Supplied data:
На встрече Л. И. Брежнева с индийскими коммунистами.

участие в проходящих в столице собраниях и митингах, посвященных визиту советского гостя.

--

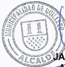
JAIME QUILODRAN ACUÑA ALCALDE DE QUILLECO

Your assignment: With the line holding "На встрече Л." as the first and the line holding "участие в проходящих" as the last, please transcribe exactly the lines of the material above in that range and nothing else.

Expected answer:
На встрече Л. И. Брежнева с индийскими коммунистами.

участие в проходящих в столице собраниях и митингах, посвященных визиту советского гостя.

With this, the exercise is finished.